Local laws and regional variations
While property laws are generally national, local municipalities (gemeentes) have specific rules that affect buyers, particularly investors.
- Purchase Protection (Opkoopbescherming): Major cities like Amsterdam, Rotterdam, The Hague, and Utrecht have introduced rules banning investors from buying affordable and mid-priced homes to rent out. If you buy a home in these protected segments, you are often required to live in it yourself for the first four years.
- Leasehold (Erfpacht): In Amsterdam specifically, many properties stand on land owned by the municipality. You own the building but pay “ground rent” for the land. Always check if the leasehold is paid off perpetually or if you will owe annual fees.
Renting out your property: is it allowed?
Can you buy a house and rent it out? Yes, but with caveats.
- Mortgage restrictions: Standard residential mortgages in the Netherlands usually prohibit renting out the property. If you want to be a landlord, you need a specific “Buy-to-Let” (verhuurhypotheek) mortgage, which typically requires a larger down payment (30-40%) and has higher interest rates.
- Tenant protection: Dutch law heavily favors tenants. It can be very difficult to evict a tenant, even if they stop paying rent or you want to sell the property. Contracts are often indefinite by default.
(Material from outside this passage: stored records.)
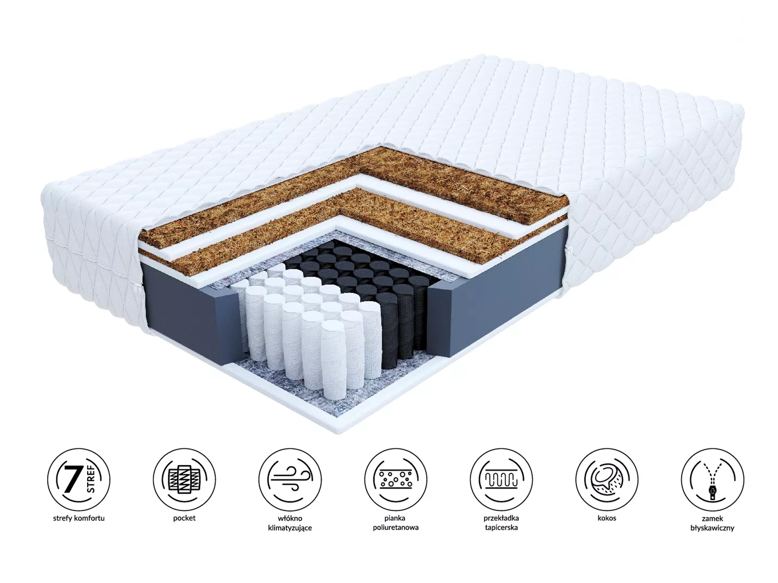 Materac kieszeniowy 90x200 INDIANA H5/H3 grubość 26 cm, podwójny kokos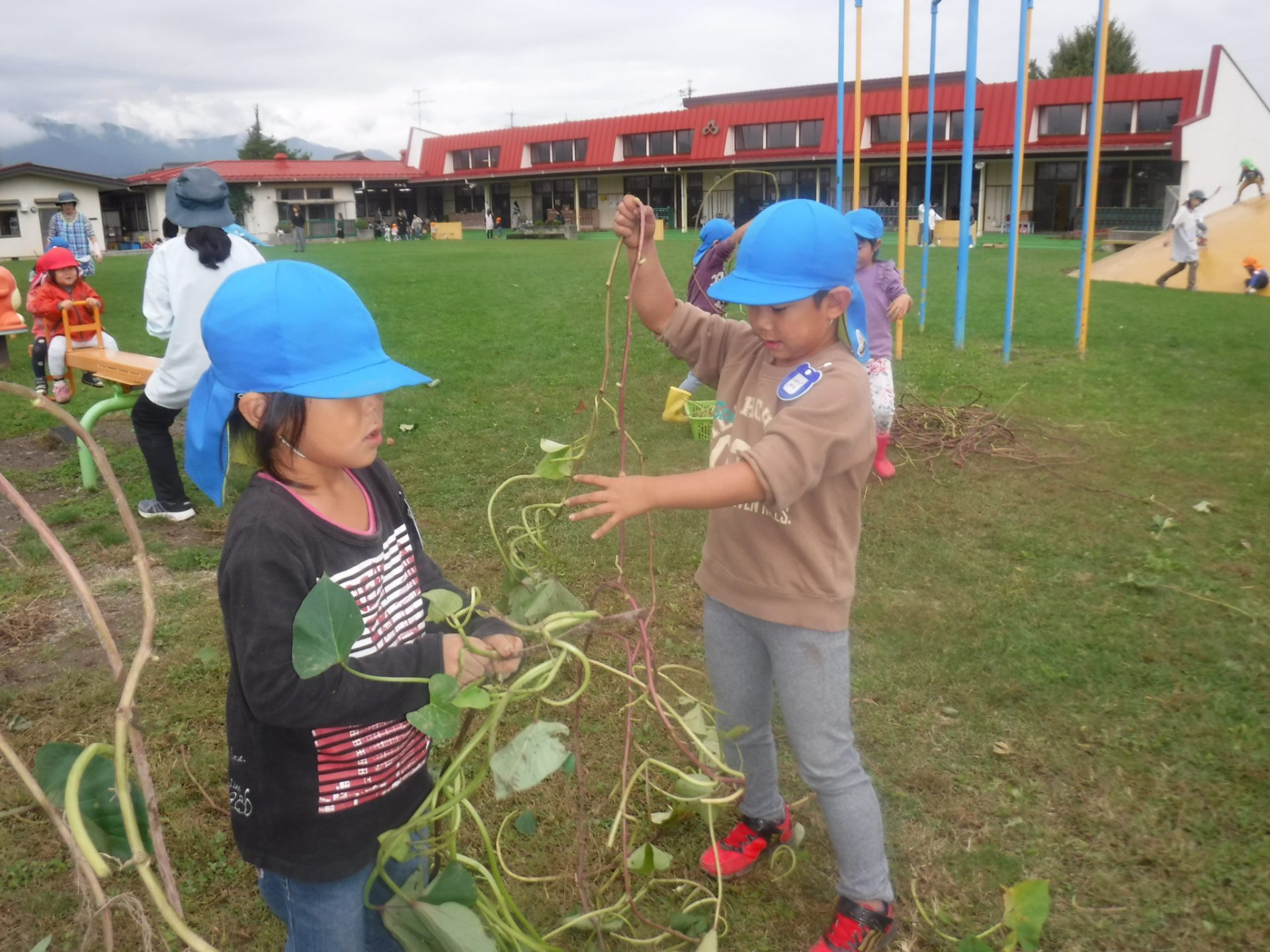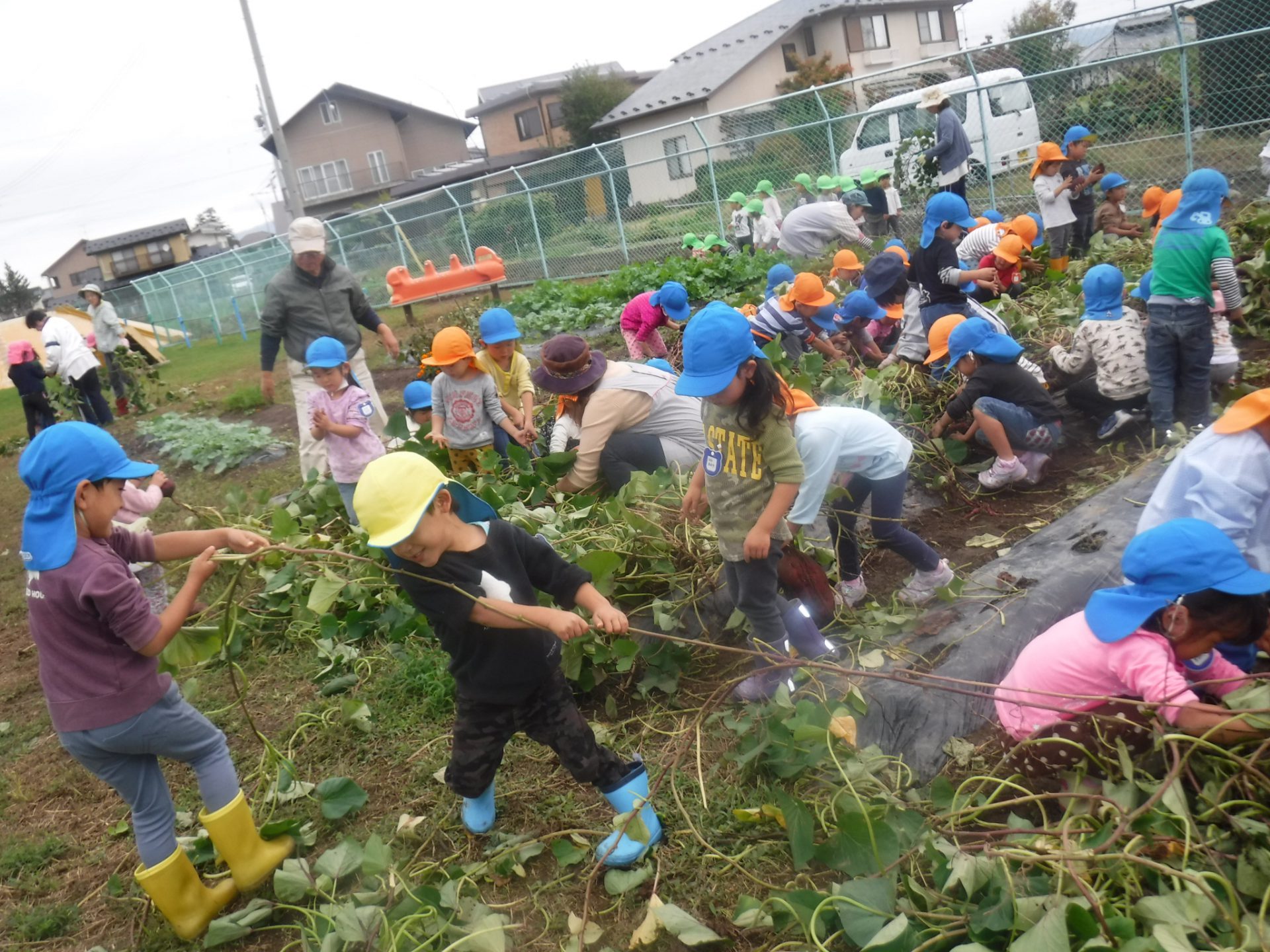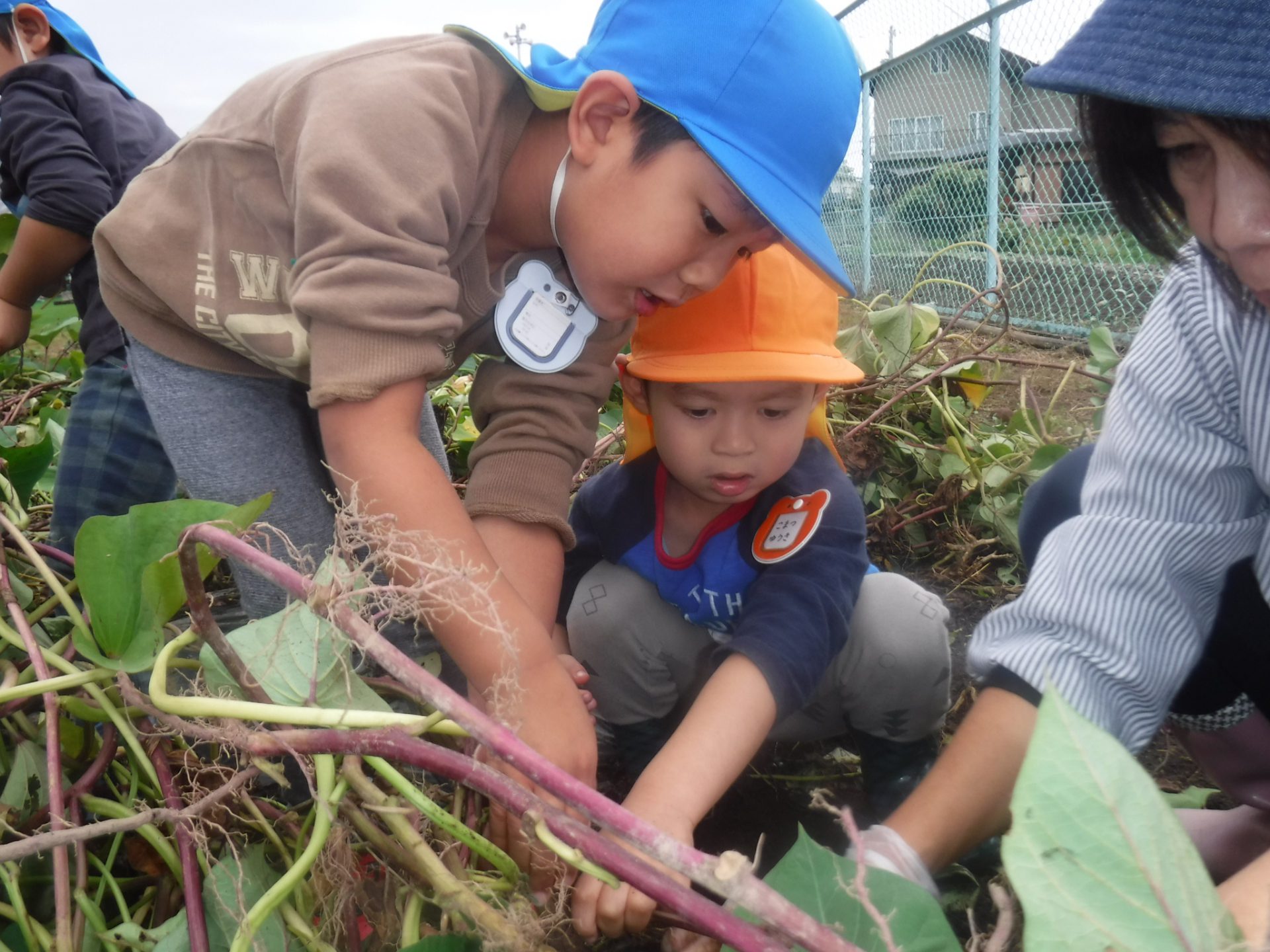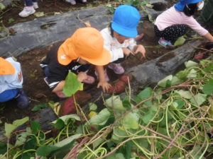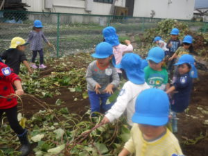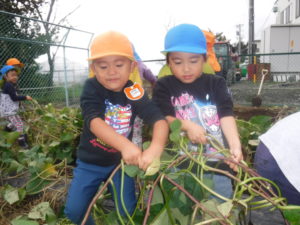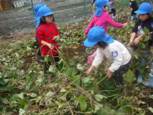 夏に植えたさつまいもが大きく育ち、収穫の日。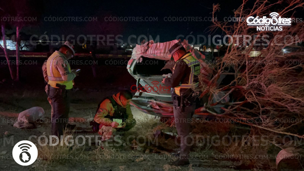 Durante la noche de este sábado se registró una aparatosa volcadura en el descenso del puente Cielovista, con rumbo al municipio de Saucillo, lo que generó una intensa movilización de cuerpos de emergencia.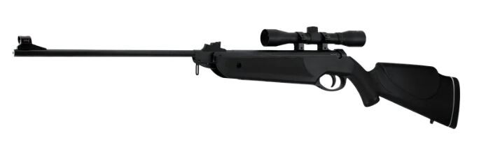 Hämmerli Black Force 400 Combo, легкая и простая в обращении пружинно-поршневая пневматическая винтовка, поставляемая в комплекте с высококачественным прицелом с 4-кратным увеличением. Легкая, небольшая винтовка – отличное приобретение как для новичков, так и для опытных стрелков. Энергия 16 Дж позволяет достигнуть начальной скорости пульки до 249 метров в секунду. Стальной нарезной ствол с типом взведения «перелом ствола». Black Force 400 Combo оснащена как механическим целиком, регулируемым по вертикали и горизонтали, и оптоволоконной мушкой, так и оптическим прицелом 4х32 (входит в комплект). Винтовка оснащена автоматическим кнопочным предохранителем, который срабатывает каждый раз при взводе винтовки, блокируя спусковой механизм и предотвращая случайный выстрел. Прорезиненный затыльник приклада уменьшает скольжение приклада во время выстрела, что повышает точность и амортизирует отдачу, снижая нагрузку на плечо. Текстурированная поверхность ложа обеспечивает надежный хват и предотвращает скольжение винтовки. Благодаря антабкам можно закрепить ремень, что освободит руки и сделает переноску винтовки более комфортной.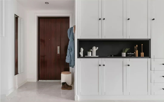 獨立式玄關又叫入戶花園,是入戶后的過渡區,可以設計成獨立儲物間,除了最基本的收納功能,還可以融入衣帽區、換鞋凳、置物區和全身鏡等功能,達到一柜多用的效果,讓入戶區域更顯別致大氣。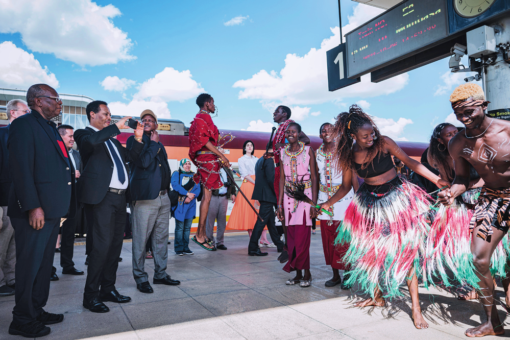 多国驻肯使节在肯尼亚内罗毕的蒙内铁路内罗毕站观看文艺演出(2023 年 10 月 6 日摄) 王冠森摄 / 本刊
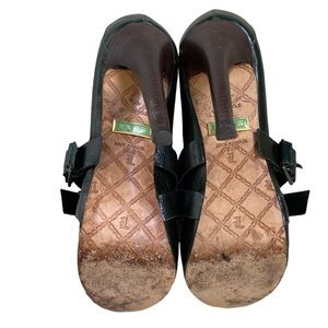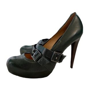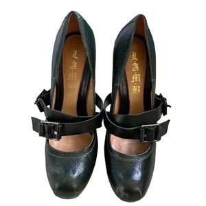 Pre-Owned L.A.M.B Women’s Size 8.5 Finsbury Dark Green Leather Mary Jane Buckle Hidden Platform Heels.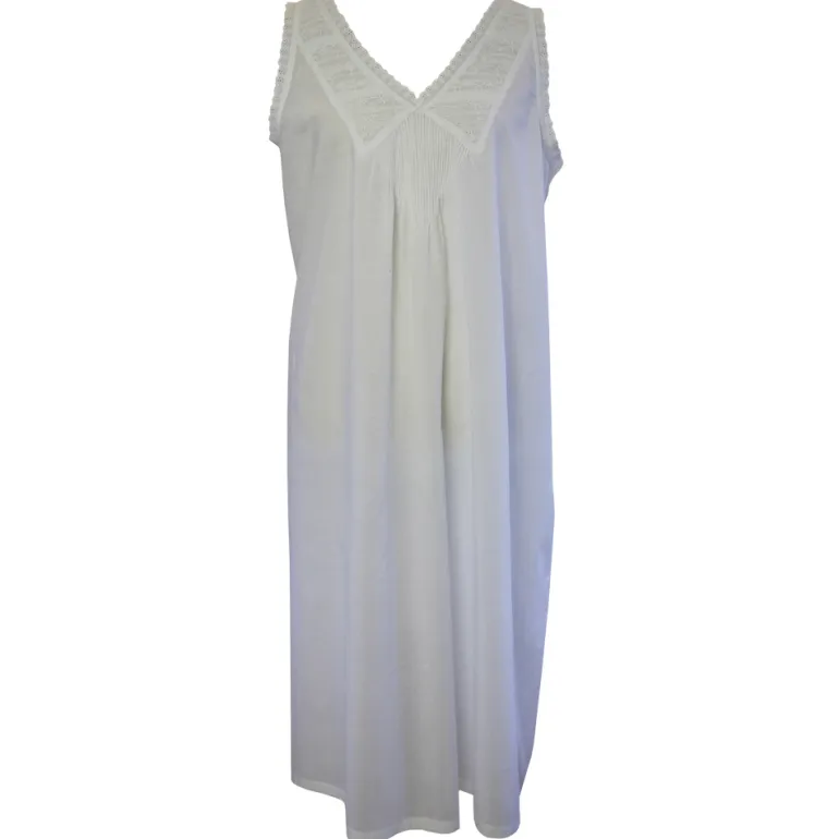 Jane is een mooi mouwloos katoenen nachthemd met prachtig borduurwerk en sierlijke plooitjes. Jane is een elegant en nonchalant nachthemd dat teruggrijpt naar de stijl van de jaren 30. Dit model is mouwloos en valt onder de knie.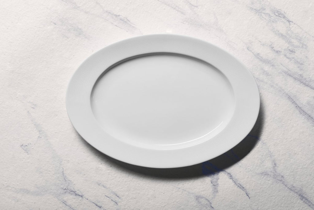 Ariane Prime 14 1/6'' x 8 2/3'' Orba White Porcelain Oval Platter - 6/Case (APRARN121015036)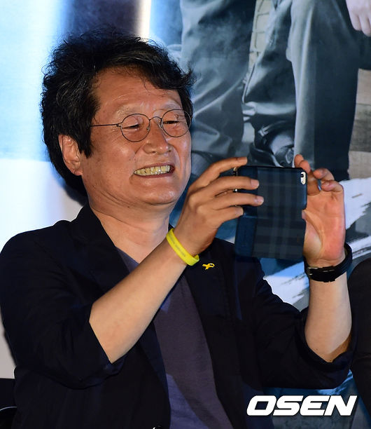 문성근이 간담회 도중 휴대폰으로 사진을 찍고 있다.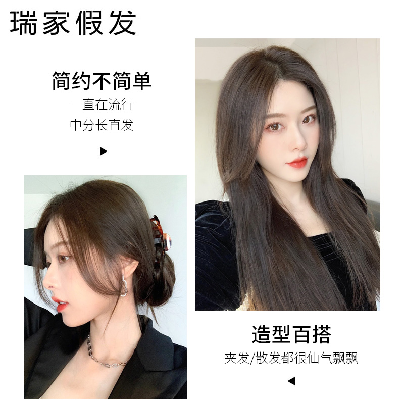 Ruijia wig Female long hair Real hair medium distribution type full head cover Summer simulation full real hair Lace natural wig cover
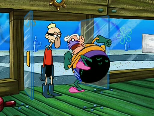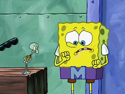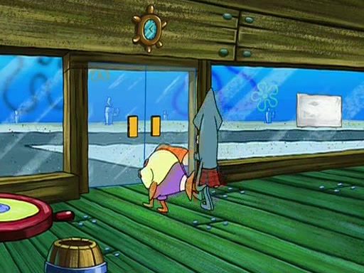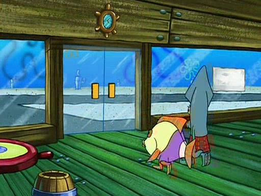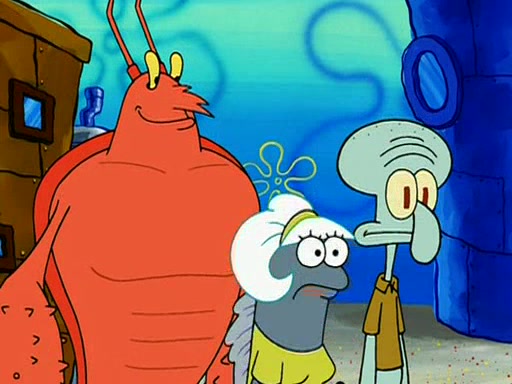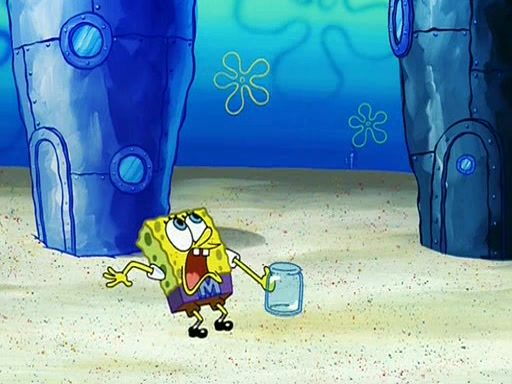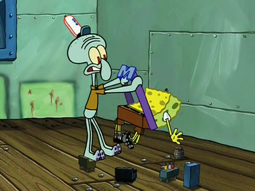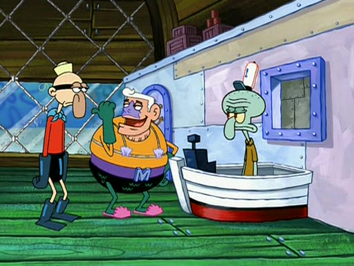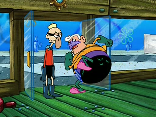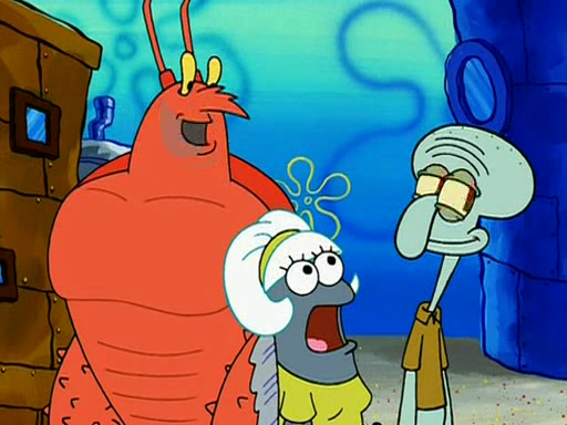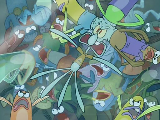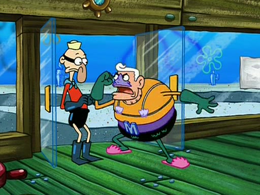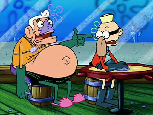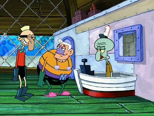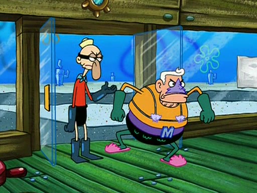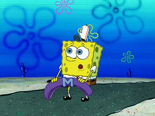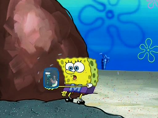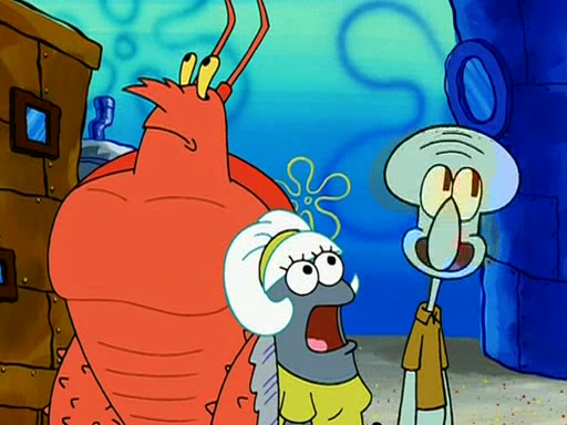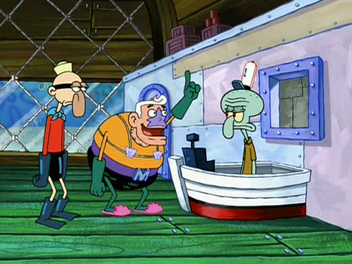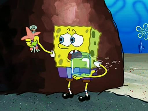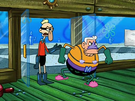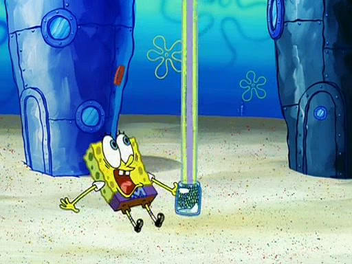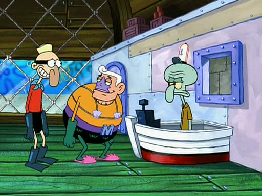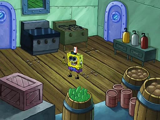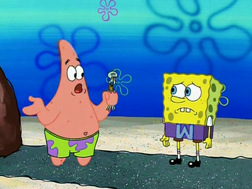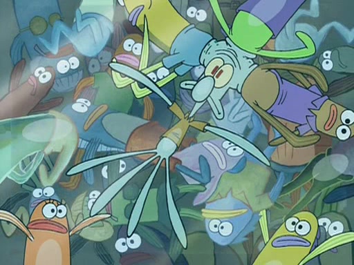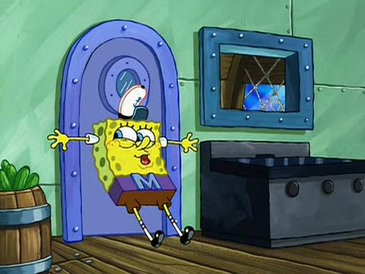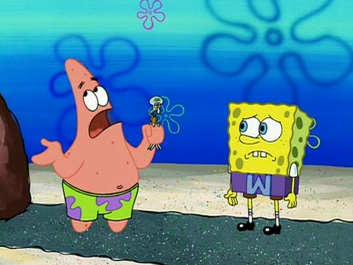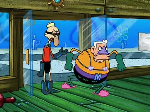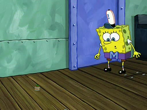 Mermaid Man & Barnacle Boy are entering the Krusty Krab, most likely for lunch, and upon realizing this, SpongeBob goes into an excited frenzy, bursting through a steel wall in order to get their autograph. The heroes run away from him, accidentally leaving Mermaid Man's utility belt inside. SpongeBob finds it, and tries to give it back, but they drive away in the Invisible Boat Mobile before he can do so. SpongeBob decides to wear the belt and play with it, thinking that he could hold on to it until after work. He discovers the "Small Ray," and starts shrinking the items in the kitchen. However, Squidward enters the room and sees SpongeBob serving tiny Krabby Patties to cockroaches and asks SpongeBob why is everything in the kitchen so tiny. Squidward discovers that SpongeBob has Mermaid Man's belt. Assuming that SpongeBob has stolen the belt, he plans to do the right thing and call Mermaid Man in order to get revenge, and tell on him. SpongeBob realizes that if Squidward tells on him, Mermaid Man will find out and he will be kicked out of his fan club for sure. In order to stop Squidward, SpongeBob shrinks him, and promises to find a way to return him to normal after Squidward demands SpongeBob to return him to normal size. He tries to use the different buttons to make Squidward big, but none of them work. Not wanting Mermaid Man to find out due to how he might react, he leaves to find someone that can help him.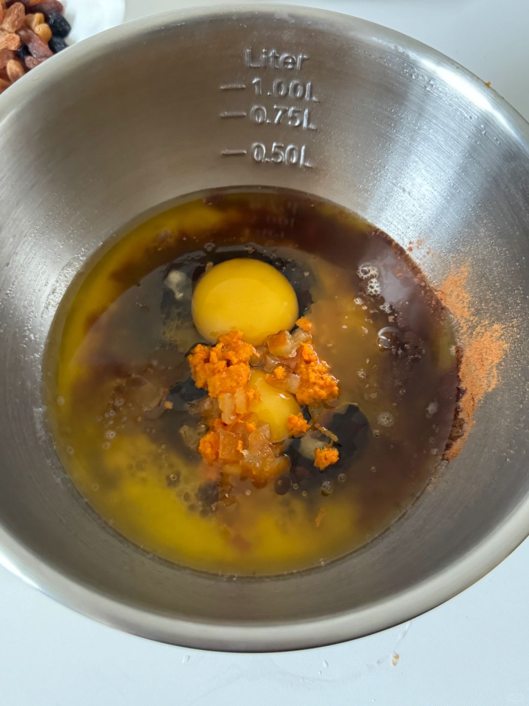 融化的黄油+鸡蛋+红糖+橙汁+肉桂粉+肉豆蔻搅匀

- Short-term rentals: Renting out via platforms like Airbnb is strictly regulated. In Amsterdam, for example, you are limited to 30 nights per year and must have a permit.
Buying land in the Netherlands
Foreigners, including Americans, are free to buy land in the Netherlands.
There are no restrictions on nationality. Buying a plot to build your own home (zelfbouw) is a popular but competitive option.
You will still need to go through a notary to transfer the deed, and the transfer tax for land is generally 10.4%, as it is considered non-residential property until a home is built (though new builds typically attract 21% VAT instead of transfer tax).
Getting a mortgage: should I get one in the Netherlands or the USA?
It is extremely rare for US lenders to offer mortgages for properties in the Netherlands. You will almost certainly need to apply with a Dutch bank or an international lender based in Europe.
- Residents: If you live in the Netherlands with a residence permit and earn income in Euros, you can usually borrow up to 100% of the property value, similar to a Dutch citizen.
- Non-residents: If you live in the US and want to buy a holiday home in the Netherlands, financing is much harder. Most main Dutch banks do not lend to non-residents. Specialized “expat mortgages” exist but often require a down payment of 30–40% (max 60–70% Loan-to-Value) and have higher interest rates.
- “Blacklist” checks: Banks will check your creditworthiness. While they can’t check your US credit score directly, they will ask for proof of income, debts, and assets.
The verdict: should you buy a house in the Netherlands as an American?
Buying property here is a solid investment, but it comes with a steep learning curve.
Pros:
- Stable investment: The Dutch market has proven resilient and retains value well.
- No restrictions: You have the same legal ownership rights as a local.
- Language: The process can largely be conducted in English; most notaries and agents are fluent.
- Tax benefits: Mortgage interest deduction is a significant perk if you live and work in the Netherlands.
Cons:
- High entry costs: You need significant cash for closing costs (approx. 4-6% of purchase price) plus the deposit.
- No visa attached: It does not solve your immigration status.
- Tax complexity: You must navigate two tax systems (Dutch and US).
- Tenant laws: Being a landlord is legally complex and heavily regulated.
Useful resources
Government.nl – Official information on transfer taxes and exemptions.
Business.gov.nl – Guide to renting out property and tenancy laws.
Kadaster – The Netherlands’ Land Registry and Mapping Agency.
Funda – The largest property listing site in the Netherlands.
Belastingdienst – The Dutch Tax and Customs Administration.